I repeatedly obtain the same attribute error warning: 'DataFrame' object has no attribute 'iteritems'. I already tried using both Gemini and ChatGPT to solve the problem, but I haven't been able yo solve or pinpoint the specific issue.

Another error that I could not solve happened in the fourth module, where I tried epoching the N400 database but I repeatedly obtain the same error: No matching events found for prime_related (event id 1) . The weird thing is that the event ID 1 was indeed present in my events array and data. I also tried using AI assistance, but the different solutions suggested did not work. At one point even Gemini wrote "I am sorry, I cannot help you with this issue".

alexenge commented 3 weeks ago

Thanks a lot for your interest in the course and for reporting these issues!

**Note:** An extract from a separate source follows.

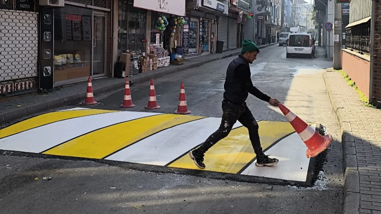 Bursa'da Osmangazi Belediyesi, ilçe genelinde trafik güvenliğini artırmak amacıyla okul önlerinde ve muhtelif cadde ile sokaklarda hız kesici kasis ve şerit çalışması gerçekleştirdi.BURSA (İGFA) - Osmangazi Belediyesi bir yandan ilçenin yollarını güzelleştirirken bir yandan da yolları hem yayalar hem de araçlar için güvenli hale getiriyor.

Regarding AttributeError: 'DataFrame' object has no attribute 'iteritems':

I can replicate this error on Google Colab. It seems to be a bug in the compatibility between the rpy2 package (allowing access to R from Python) and the pandas package (providing support for data frames in Python). I've noticed that Colab has a very old version of rpy2 installed and a relatively new version of pandas, causing the error. However, simply upgrading rpy2 (using %pip install --upgrade rpy2) doesn't seem to do the trick as it leads to a different error (``).

I'll let you know once I find a solution for this. Until then, it's probably best to simply save the data frame as a tabular file (.csv, Excel or the like) and import it manually into R to run the statistics. Alternatively, you could stay in Python and try the statsmodels, which provides all the statistical tests described in the notebook ($t$-tests, ANOVAs, and linear mixed models).

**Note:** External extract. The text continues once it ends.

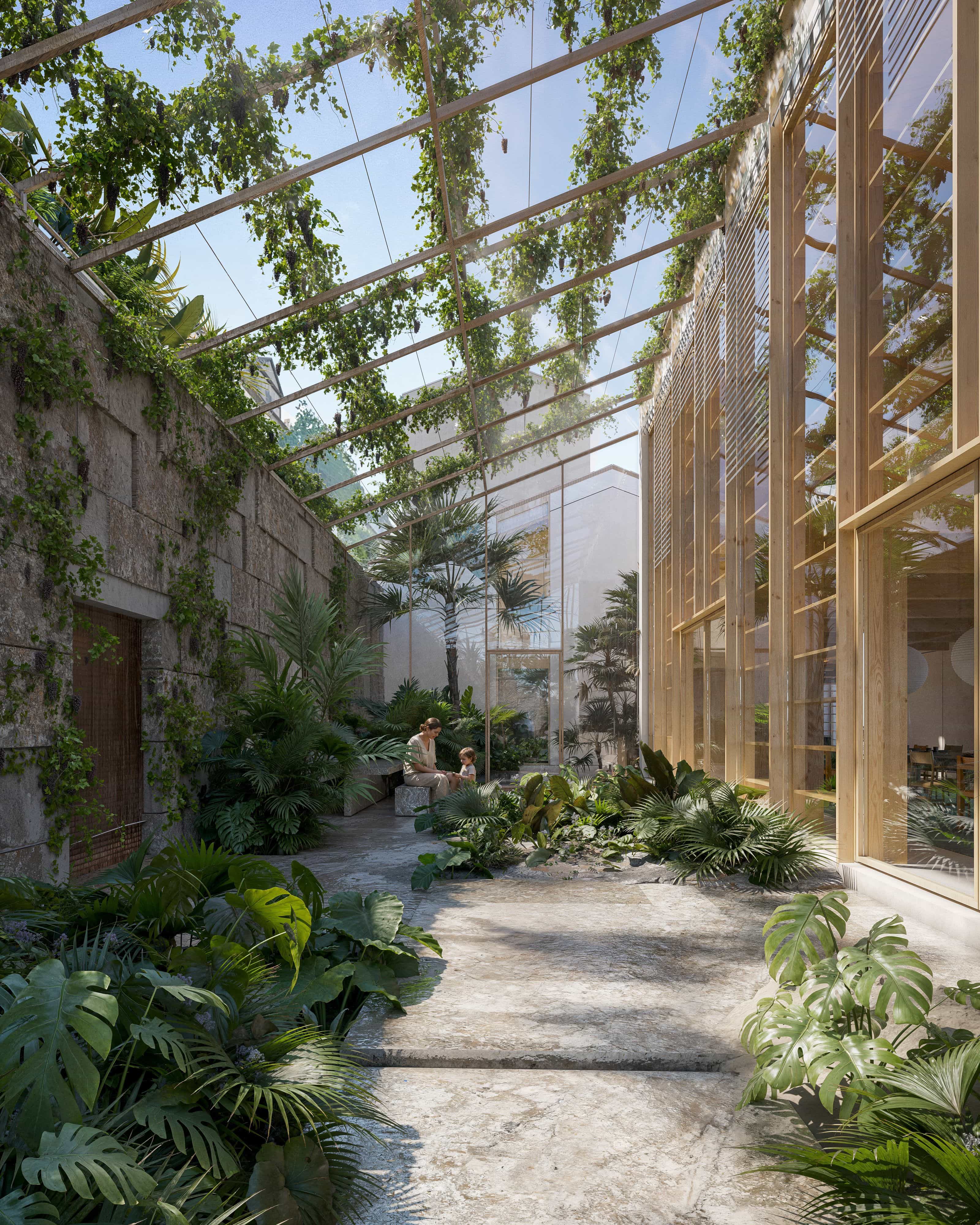 Responding to local climatic conditions, the new building volume is positioned slightly north of the existing main wall and its natural location, creating space for a winter garden that becomes the heart of the project. This greenhouse space enhances solar gains and acts as a thermal buffer, enabling passive heating during winter months and promoting natural ventilation when fully opened and shaded in warmer periods. As a result, the winter garden extends the usable living area throughout the year while contributing significantly to indoor thermal comfort.

Regarding your problem in the epoching module:

Getting the events and event_id right is indeed the trickiest bit of the course and very particular to each dataset and ERP component. So it might not be super simple to use the N170 code for the N400 experiment. My first try would always be to run:

events, event_id = events_from_annotations(raw)

And then inspect the events and event_id objects. For most components, the event_id is already fine as there is already one unique event number for each condition of interest. For some components, you will need to merge multiple event numbers because they belong to the same condition (as is the case for the N170).

Do you maybe want to share what you've tried so far to construct your events and event_id? Then I could try to help you more specifically. Alternatively, I can also provide you a full solution for how I would construct the events for the N400.

Good luck and looking forward to your update!